The cholla cactus are not yet in bloom, but fields of them stretch for miles, backlit in the desert sunlight. My father tells me a story of when he and my mother were courting. The two of them went on a picnic in the high desert and my father picked a cholla cactus bud from the desert sand and placed it in my mothers hair as an ornament. Obviously in love, she made no objection, until it came time to remove the thorny ornament. In spite of this, or perhaps because of this, she married my father and they shared 60 years together. We drive past fields of Ocotillo cactus, beautifully exotic, their long fronds tipped with red blossoms. After meandering many of the park roads, we leave Joshua Tree and have lunch at a gasoline stop in Chiriaco on the summit along interstate 10. My father and I share a bacon, lettuce and tomato sandwich. He enjoys a beer and I indulge in a chocolate milkshake.


After lunch we visit the Patton Museum. In 1944, during WW2, my father served under Patton as part of the 3rd army when Patton took over the land operations in Normandy. My father signs the guest book as one of Pattons' men. The museum is small and somewhat dark and while my father takes his time within the museum, I am transfixed by an exhibit of trench art; shell casings and rocket shells from WW2, intricately repoussed and engraved with designs that a most experienced metalsmith would be proud of. There is an outside section of the museum where tanks and DUKWs are on display. My father is delighted to see a DUKW; an amphibious vehicle that transitions between land and water. In 1944, my father maneuvered DUKWs on the west coast of Devon; just beyond the surf line to take wave measurments in preperation for the invasion of Normandy. I take photos of my father beside this remarkable machine.



Joshua Tree National Park






After suffering through the standard motel continental breakfast of hardboiled eggs, cold cereal and bitter coffee, we drive the few miles to the entrance of Joshua Tree National Park. We retrieve maps at the visitors center and meander the park roads through fabulous jumbled granite rocks formations. It is late morning, but the light is still dramatic and golden, with contrasting shadows delineating the monumental rocks. I drive slowly and pull off frequently so that my father can enjoy the jumbled rock vistas from the comfort of the van. There are miles of trails and endless boulders and rock faces to challenge the most adventurous climber. Our morning drive together is magical.

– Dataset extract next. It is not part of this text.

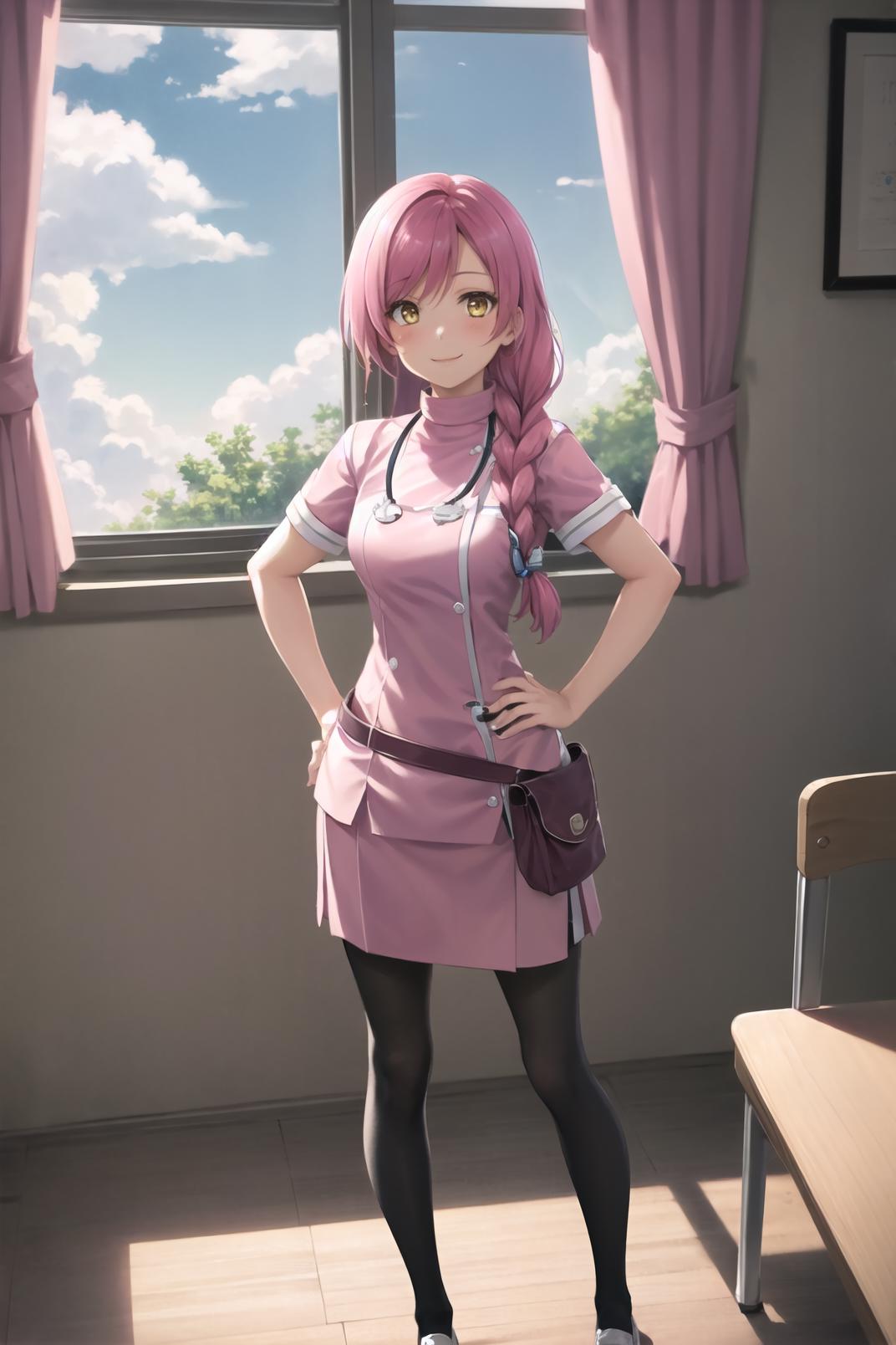 nurse, pink nurse outfit, pink skirt, stethoscope, purple belt, pouch, black pantyhose, white shoes,

The road we choose winds upward ending at a spectacular lookout point where we can see Palm Springs and the Salton Sea sprawled in the haze, 5,000 feet below. I park in a handicapped space and with little help, my determined father ascends the challenging pathway up to the vista. He sits at the edge of the vista, inhaling the beauty of the landscape, the San Jacinto mountains in the distance, most certainly recalling memories of earlier years, when as a professor of geology at U.C.L.A. he led field trips to this area.